Corteo prit un petit temps pour réfléchir.

"Posséder un commerce de ce niveau et en délaisser la gestion peut supposer un désintérêt des biens matériels et des affaires... ce qui correspondrait assez à un immortel. Néanmoins, ce Van Gaskart est peut-être aussi un simple homme d'affaire, possédant peut-être plusieurs commerces de ce genre et donc forcé de déléguer les responsabilités que cela entraîne à des crapules comme Colman. Mais dans ce cas, je suppose que son nom serait un peu plus connu. Ou bien est-il malade, ou trop vieux pour s'en charger de lui même ? Ma foi, Cara mia, je ne suis que votre garde du corps pour cette affaire, et non l'enquêteur, alors je laisse ses questions à vos soins.

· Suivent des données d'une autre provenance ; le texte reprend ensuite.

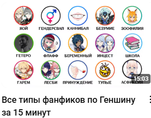 >>5234966 Всё так, контента нет почему-то. Ну разве что от тянок очень разной писанины дофига, а чтоб чёткие пацаны свои фантазии расписывали - такого действительно по пальцам пересчитать можно. (Хотя относительно недавно всё же наткнулся на бодрый фанф о попаданце в Скарамучу, мне понравилось)

En ce qui concerne la septième couturière, je n'ai trouvé d'elle que la mention de son existence. Je n'ai pas eu le temps de fouiller le vestiaire des employées pour en apprendre d'avantage. Ce pourrait aussi bien être elle la vampire."

Il poussa un soupir et s'adossa contre le mur, à côté d'Estelle. Il sortit de sa poche le papier sur lequel il avait noté l'adresse et le tendit à la jeune femme.

"Va bene. Et maintenant, Signora, que fait-on ? Même si vampire il y a, rien ne prouve que c'est lui le coupable de ces meurtres."